Sprout Seeds at Home for Good Flavors & Good Nutrition

By on December 08, 2011

Try one of our sprouting seeds for fresh greens at home

It’s not just about alfalfa sprouts.

Unlock the nutrition in a smorgasbord of seeds when you sprout them, and give your tastebuds a treat with green crunch any week of the year. In our video, Tricia shows you how simple it is to sprout seeds in your own kitchen.

It really is as easy as 1-2-3

1. Soak
2. Rinse
3. Eat

Watch the video for the details, but basically you’re three days from homegrown sprouts.

Now the fun starts—do you want to try sprouting sunflower seeds, radishes, or broccoli? Take a peek at the different sprouting seeds we have.

Can’t decide? Go with one of our 4 seed mixes.

Nutritional Benefits

What’s so great about sprouts? Soaking seeds in water makes them uninhibited! Honest—they lose an enzyme inhibitor and their nutritional value increases by leaps and bounds.

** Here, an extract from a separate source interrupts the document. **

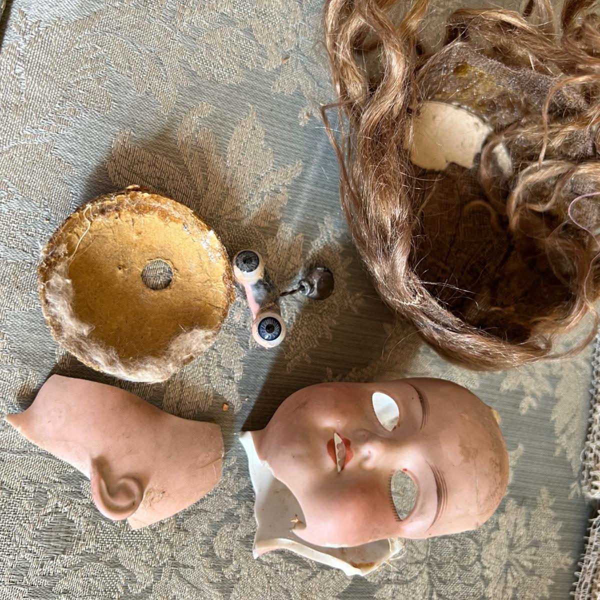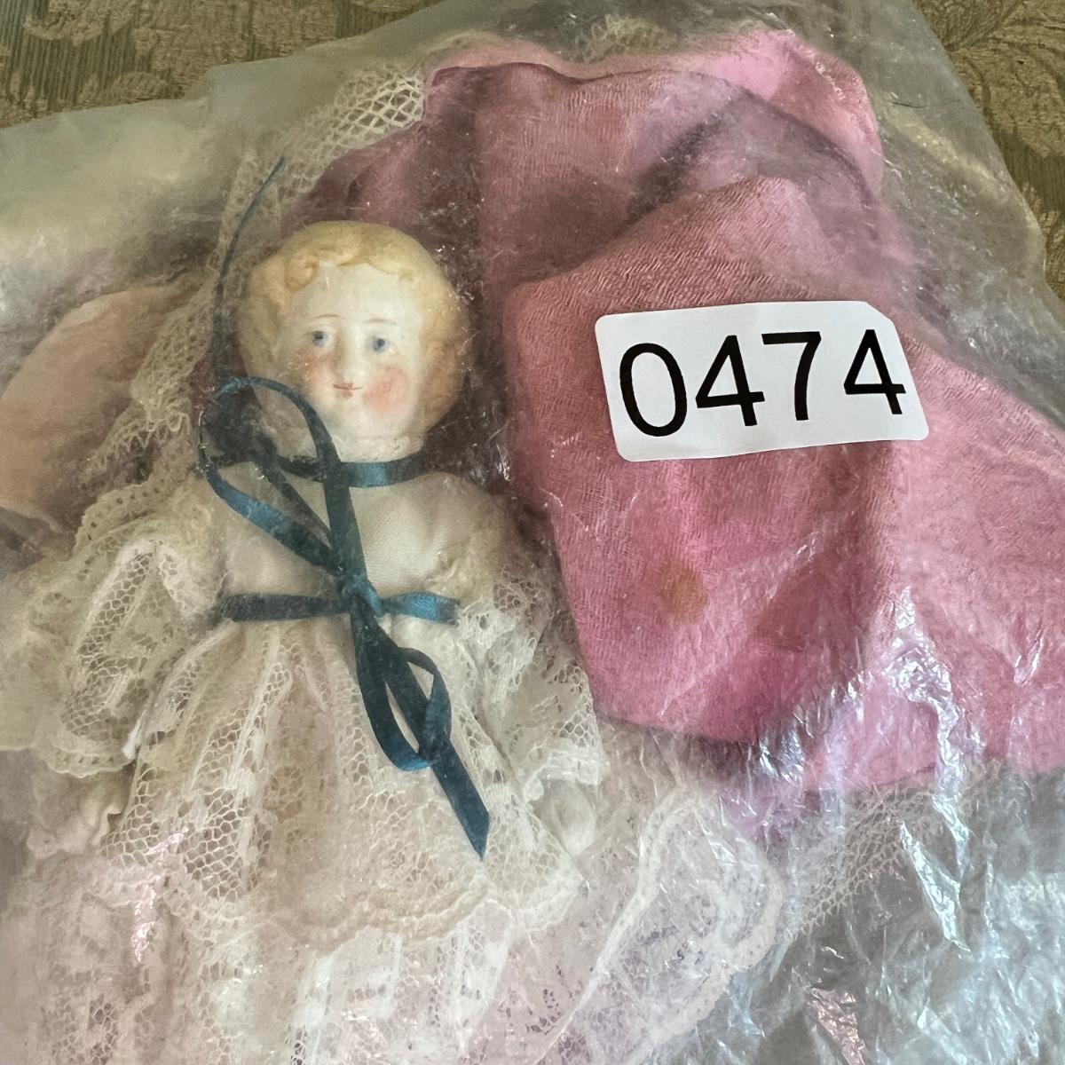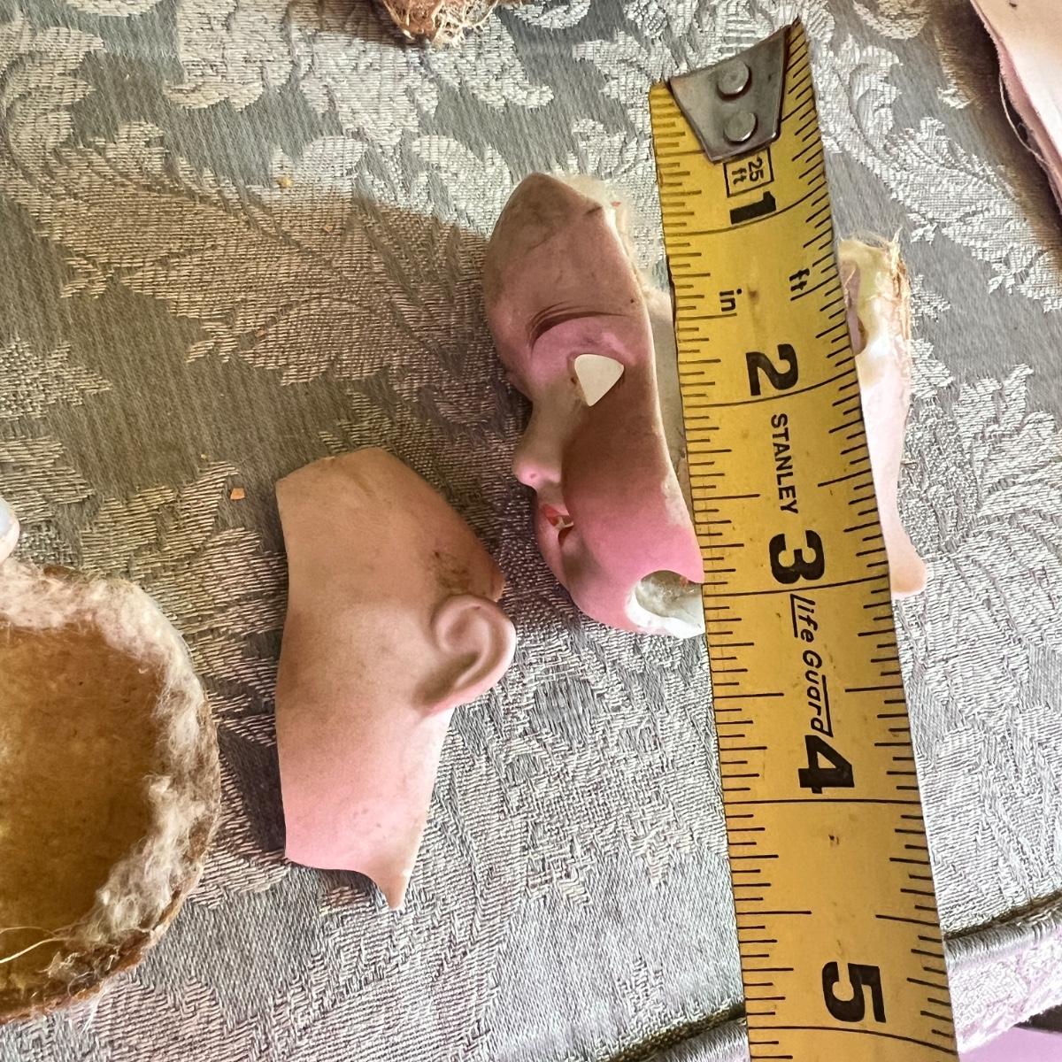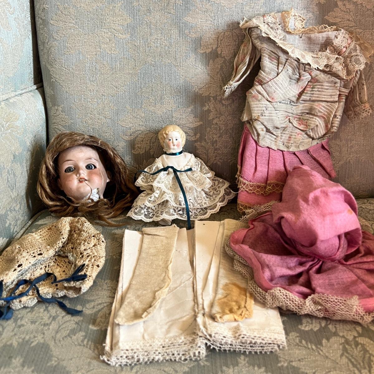 Lot includes one roughly 5" porcelain doll. The larger doll head is broken as shown in pics. Also comes with antique doll clothes. Would be good to use for repair.

Our sprouting seed supplier, Mumm’s, has a page of links to medical studies and news articles that discuss specific health benefits of different kinds of sprouts.

Food Safety

Sprouts, like any fresh live food, could carry harmful bacteria; nothing grown in nature is sterile. We recommend that you only sprout seeds that have been tested and packaged for sprouting, like Mumm’s brand.

Although Mumm’s thinks the risk of organic seed being contaminated with Salmonella or E.coli is very small, they do take it seriously.

Mumm’s samples each lot (probes every bag) of seed as it arrives in their warehouse. Samples go to an independent lab for sprouting, followed by Salmonella and E.coli O157 tests. Mumm’s keeps seeds quarantined until negative test results are returned. They use a system of GMPs (good manufacturing practices) to ensure the seed stays clean until it reaches the customer.

The FDA recommends such testing for pathogens by seed suppliers. Nevertheless, the FDA also recommends thorough cooking of sprouts before serving them to pregnant women, children, the elderly, or anyone with a compromised immune system.

Jars or Trays?

If you’re new to sprouting, begin with our inexpensive Sprouting Jar Starting Kit which comes with two different seed mixes.

For several servings of one kind of sprout, use our Large Tray. To keep a variety of sprouts on hand, triple your production with the three-decker trays.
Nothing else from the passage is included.